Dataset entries

┄┄┄┄┄┄┄┄┄┄┄┄┄┄┄┄┄┄┄┄

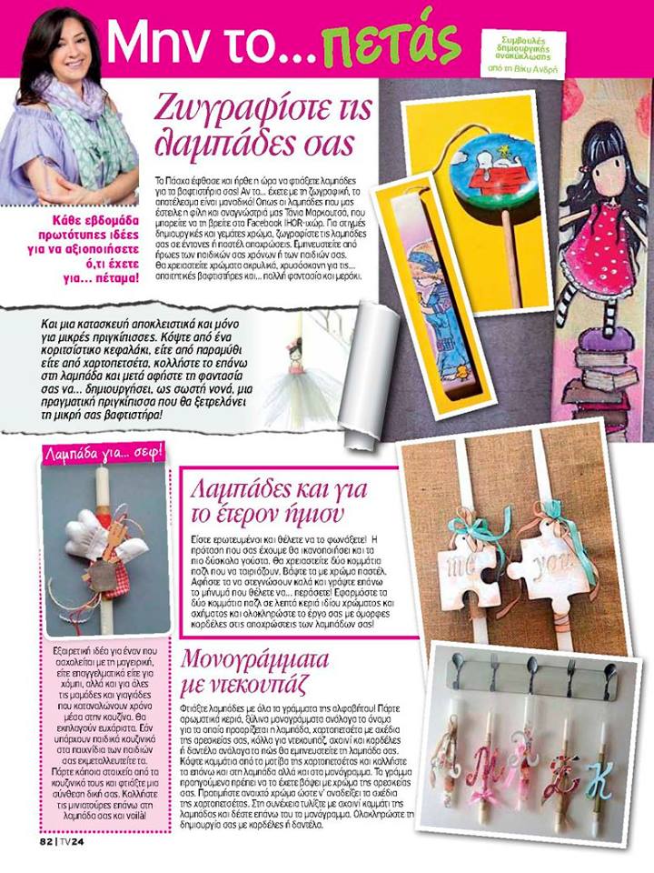 Καλλιτέχνης και η ίδια, η Βίκυ Ανδρή είναι expert στο πώς μπορείς να αξιοποιήσει κάθε αντικείμενο και να του δώσεις νέα ζωή! Η φιλία της είναι πολύτιμη για μένα. Την ευχαριστώ.
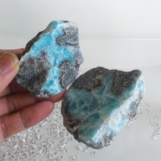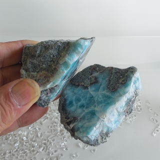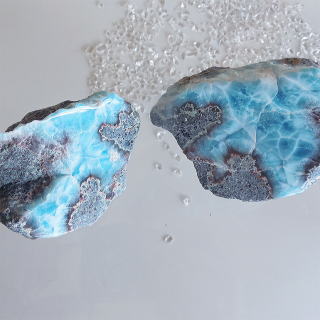 | 廻りの岩石に、ほんのり赤 模様の緻密さが凄い ぱっかんラリマー 2個 セット |
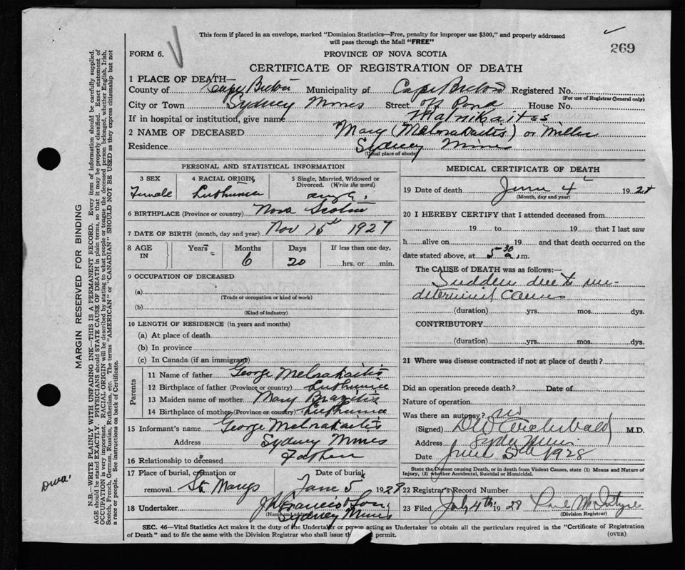 Death Registration: Year: 1928 file: 118 number: 269
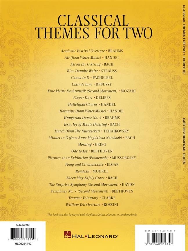 24 favorite melodies from top classical composers in easy duet arrangements for two instrumentalists are featured in this collection, including: Air on the G String - Blue Danube Waltz - Canon in D - Eine Kleine Nachtmusik - Hallelujah Chorus - Jesu, Joy of Man's Desiring - Minuet in G Major - Ode to Joy - Pictures at an Exhibition - Sheep May Safely Graze - Trumpet Voluntary - William Tell Overture - and more. Arrangements work for two clarinets or can be used with the other woodwind titles from this series.
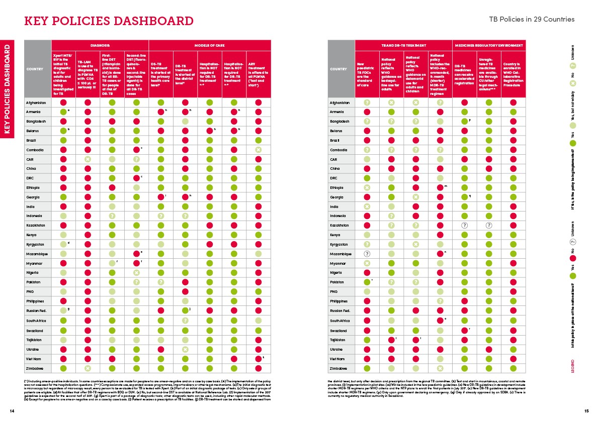 The 1st edition of the report, published in 2014, monitored progress in eight countries; the 2nd edition, published in 2015, covered 24 countries. The 2017 edition of Out of Step surveyed 29 countries that account for over 80% of the global TB burden, and covers five key areas: diagnostics, models of care, treatment for drug-sensitive (DS) and drug-resistant (DR) TB, drug regulation, and prevention. In each of these areas, the survey bench-marked uptake of global policies at the level of the countries, to produce a 'dashboard' (Figure) of how countries are implementing policies and interventions that are known to work.
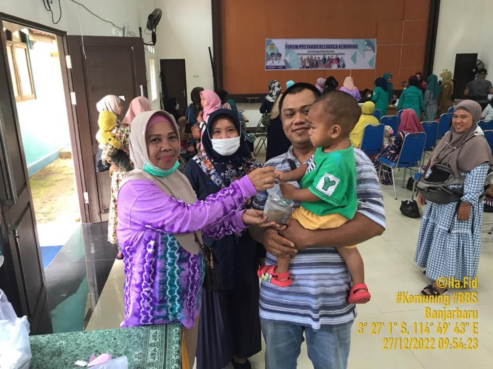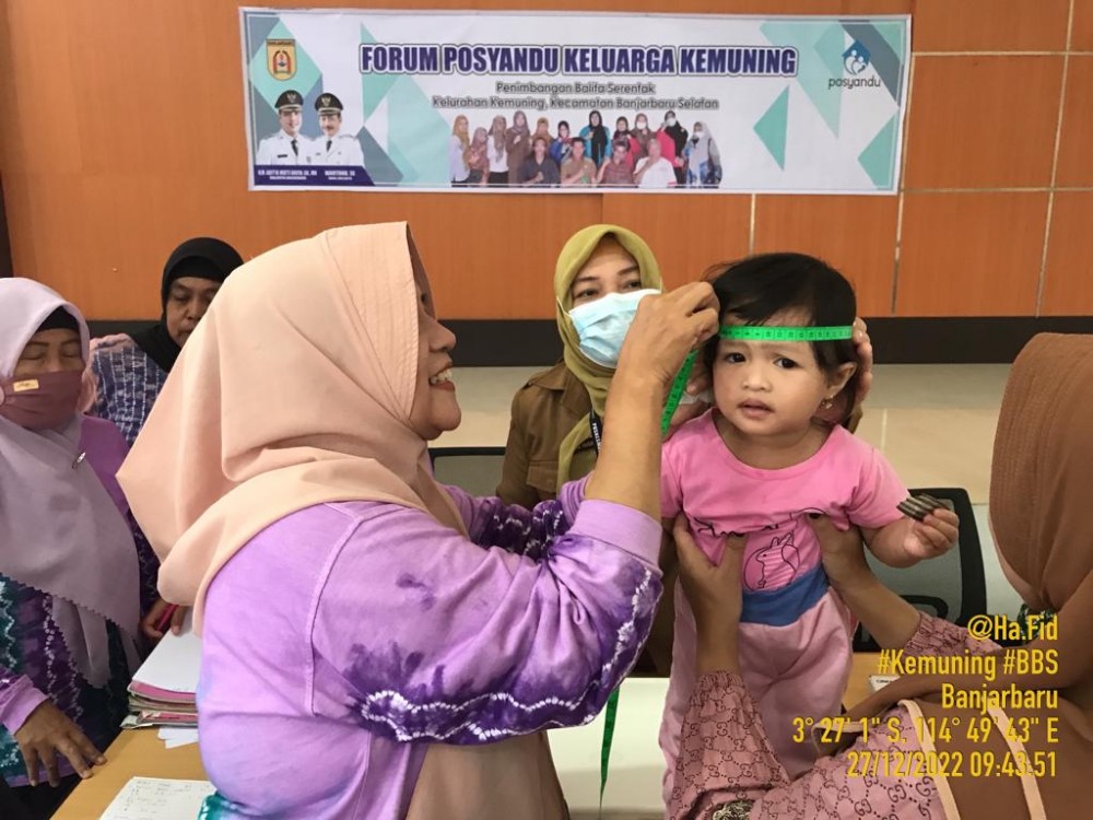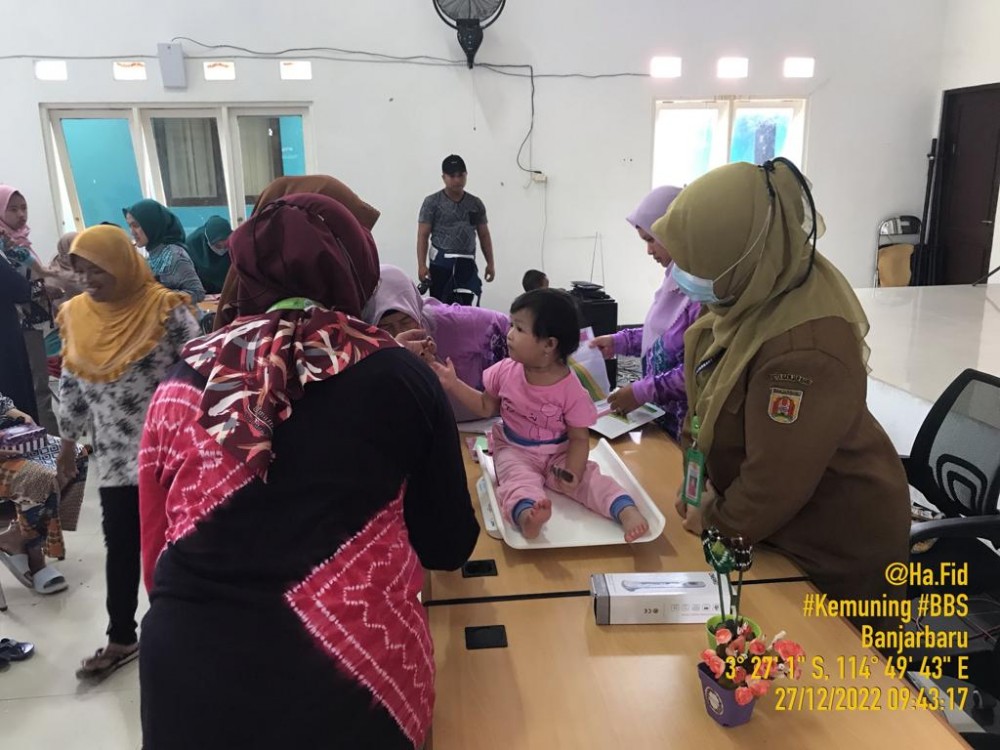 KIMKEMUNINGMANDIRI/MEDCENBJB – Kelurahan Kemuning bekerjasama dengan Puskesmas Banjarbaru Selatan melalui pembentukan Forum Posyandu Keluarga Kemuning turut peran serta dalam menyukseskan "Program Basingsing" yang diluncurkan oleh Pemerintah Kota Banjarbaru, mengadakan Kegiatan Penimbangan Balita Serentak, pada (27/12/2022) Selasa pagi.

┄┄┄┄┄┄┄┄┄┄┄┄┄┄┄┄┄┄┄┄

- _About this exercise_
The full data, repeated exactly and stripped of its pictures, is the expected answer.

- _Task answer_
 Καλλιτέχνης και η ίδια, η Βίκυ Ανδρή είναι expert στο πώς μπορείς να αξιοποιήσει κάθε αντικείμενο και να του δώσεις νέα ζωή! Η φιλία της είναι πολύτιμη για μένα. Την ευχαριστώ.
 | 廻りの岩石に、ほんのり赤 模様の緻密さが凄い ぱっかんラリマー 2個 セット |
 Death Registration: Year: 1928 file: 118 number: 269
 24 favorite melodies from top classical composers in easy duet arrangements for two instrumentalists are featured in this collection, including: Air on the G String - Blue Danube Waltz - Canon in D - Eine Kleine Nachtmusik - Hallelujah Chorus - Jesu, Joy of Man's Desiring - Minuet in G Major - Ode to Joy - Pictures at an Exhibition - Sheep May Safely Graze - Trumpet Voluntary - William Tell Overture - and more. Arrangements work for two clarinets or can be used with the other woodwind titles from this series.
 The 1st edition of the report, published in 2014, monitored progress in eight countries; the 2nd edition, published in 2015, covered 24 countries. The 2017 edition of Out of Step surveyed 29 countries that account for over 80% of the global TB burden, and covers five key areas: diagnostics, models of care, treatment for drug-sensitive (DS) and drug-resistant (DR) TB, drug regulation, and prevention. In each of these areas, the survey bench-marked uptake of global policies at the level of the countries, to produce a 'dashboard' (Figure) of how countries are implementing policies and interventions that are known to work.
 KIMKEMUNINGMANDIRI/MEDCENBJB – Kelurahan Kemuning bekerjasama dengan Puskesmas Banjarbaru Selatan melalui pembentukan Forum Posyandu Keluarga Kemuning turut peran serta dalam menyukseskan "Program Basingsing" yang diluncurkan oleh Pemerintah Kota Banjarbaru, mengadakan Kegiatan Penimbangan Balita Serentak, pada (27/12/2022) Selasa pagi.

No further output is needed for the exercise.